C: Actually, we were talking about A's impending death. But I suppose there could be life in the midst of death...
A: ...That one split second where everything is possible!
A: The poor car. It’s not its fault that Hitler drove it around.
A: What’s the most seth.th...Let’s try that again, without the inarticulacy. What’s the most sth...
R: Clearly I’m not an inventor. I couldn’t even invent the wheel. Well, maybe I could invent it, but I couldn’t build it.
R: I must say, this Due South thing makes me feel the importance of politeness. You do feel pretty special for saying ‘thank you.’
C: (on philosophy essay) I got rid of the insults. At the expense of perhaps some clarity.
A: He(Keanu Reeves as Buddha) just keeps getting lighter and lighter...
R: Why?
C: Perhaps to symbolize his greater enlightenment.
Nepean-esque/PMS
employing criminals and cops=continuous absurd cycle
R: For ‘drug’ I have ‘fucking.’
C: Oh, I have ‘fumes.’
A: I have ‘Freud,’ ‘cause clearly he was on drugs
R: You are so random!
A: It’s my power.
*on A sign language*
R: It depends on your expression. This is an insult. This is ‘my parents neglected me'....this is ‘I’ve been abducted by an elephant.'
R: What body part of choice is particularly delicious today?
A: How do you test?
R: By eating it!
R: Sir Loin! That could replace ‘so lame!’
R: I didn’t notice.
SC: It was right beside the walkway!
R: I was in my own mind.
C: As opposed to whose?
R: The garbage mind!
paper(paintball) guns
A: It’s origami to the extreme!
R: I need to start paying attention to what you say.

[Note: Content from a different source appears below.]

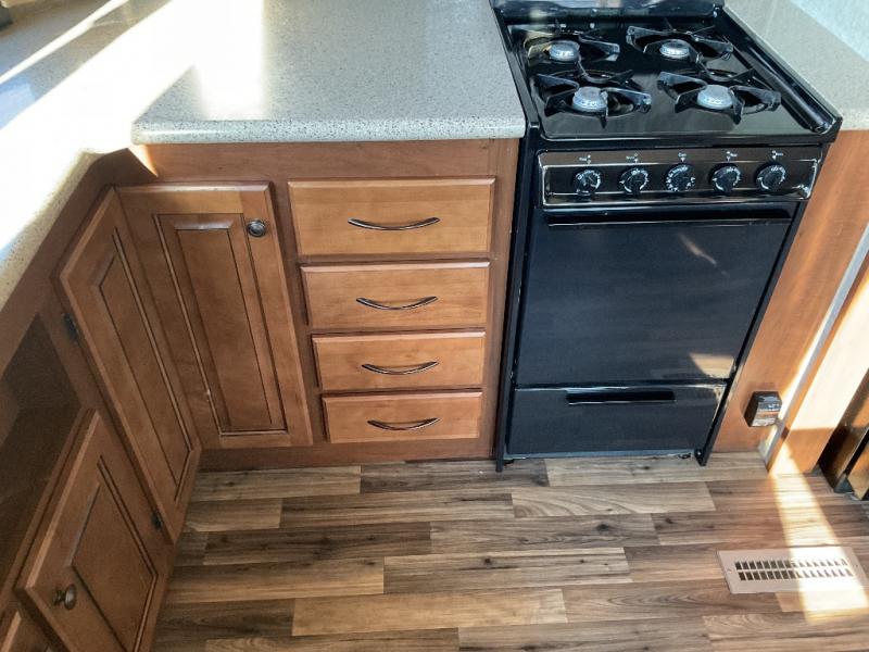As you enter the sliding patio doors, you are in the living room with a corner entertainment center to your left. Across the room, a large slide out has a recliner, sofa and a free standing dinette with four chairs.
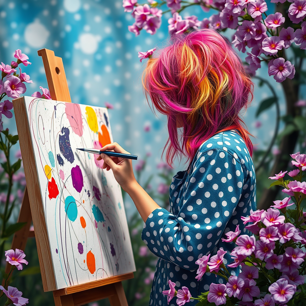 A vibrant painter immersed in the creation of an abstract masterpiece, their colorful hair reminiscent of a living canvas, set against a whimsical world inspired by Kazuo Oga. The scene is alive with polka dot patterns and blooming flowers in shades of purple and pink, blending seamlessly into the painter's surroundings. Capturing the essence of artistic influence, the composition is captured in ultra-high-definition, with every detail in sharp focus, revealing a magical atmosphere where creativity and nature harmonize effortlessly.

S: *Everyone* needs to start paying attention to what I say.
R: There are certain words that you just cannot say here. Like ‘molest.’
R: See, I just try to be a worthy soldier of the master that is your wit.
A: (laughs) S looks so impressed.
S: Right.
A: Violence is slowly become the solution to all problems.
A: Whoops-a-daisies. Oh, that’s a whoops-a-daisy.
A: INsanity. No no. I would never use the word sanity to describe myself.
S: I would *hope* not.
A: I’d like to be turned into a flower as a punishment.
S: I’d make sure someone stomped on you.
A: No, I’d be such a pretty innocent little flower...
A: That was some good chances.
A: I could be the preeminent mime lawyer in the world.
R: So, my client says that:
S: So, my client was in a box...which the accused had put him in...He had locked my client in the door without imaginary food or imaginary water.
S: “Your Honour, these people are imaginary people in my head. You can only see them because you’re all mass hallucinating. Please ignore them. They’re for my use only.”
S: High-sticking is actually rape when you’re on drugs.